The SAFE tier deserves special comment. Calling it "PEACEFUL ILLUSION" is not an attempt to make a low score sound ominous. It is an explicit acknowledgment that a score of 0–15 does not mean the world is actually fine — it means that the four signals this project tracks happen to be quiet today. DOOM-9000 does not measure chronic environmental debt accumulating over decades.
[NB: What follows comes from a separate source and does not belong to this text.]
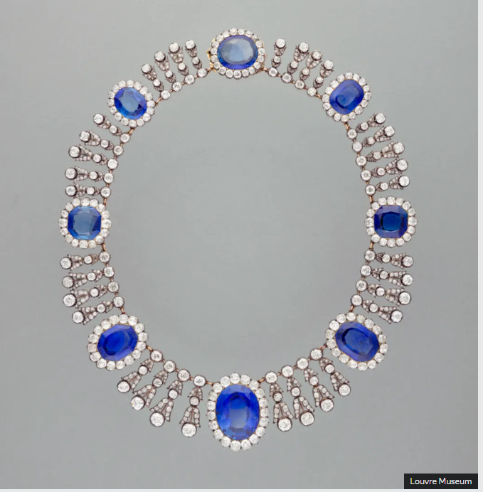 Од колекцијата на кралиците Мари-Амели и Хортенза: тиара, ѓердан и пар обетки од сет со сафири.

It does not measure structural poverty, nuclear deterrence stability, biodiversity loss, or the thousand slow-moving catastrophes that generate no single news event and no daily volatility spike. A score of 5 on a given morning is genuinely "not much going on in our four sensors." It is not a certification that humanity's situation is under control. The label holds both truths simultaneously: yes, today is calm; no, that does not mean everything is fine. The index is a toy. The threats it does not capture are not.
The scheduler runs once per day at UTC 00:01, triggered by:
cron.schedule('1 0 * * *', ..., { timezone: 'UTC' })
At that moment, all four data services — GDELT (Society), OpenWeather (Climate), Yahoo Finance (Economy), and NOAA SWPC (Solar) — are called in parallel. Results are written to the doom_records PostgreSQL table using a target_date 1-row-per-day UPSERT: if a record already exists for that date (because the job ran twice or was manually re-triggered for debugging), the existing row is updated rather than duplicated. One date, one row, always.
For users in Korea (UTC+9), the daily score becomes visible at approximately 09:01 KST — first thing on a weekday morning, which is a perfectly reasonable time to learn how the world is doing.
The UTC 00:01 timing was not chosen arbitrarily. It aligns with the moment when U.S. equity and bond markets have closed for the day and Yahoo Finance's daily data has settled. The S&P 500 closing price, the VIX settlement, the final HYG close — all of these are stable and not subject to revision by the time the cron job fires. Running the economy calculation any earlier risks catching intraday noise rather than the day's actual close. Running it at midnight UTC means the economy domain is capturing the full trading session, not a mid-session snapshot. The other three domains are less time-sensitive to this choice — GDELT events accumulate continuously, weather data is real-time, and solar data is updated by the minute — but there is no downside to waiting until the financial data is settled before computing the composite. The cron schedule is driven by practicality. It just happens to also give the solar and society pipelines a full UTC calendar day's worth of data to work with.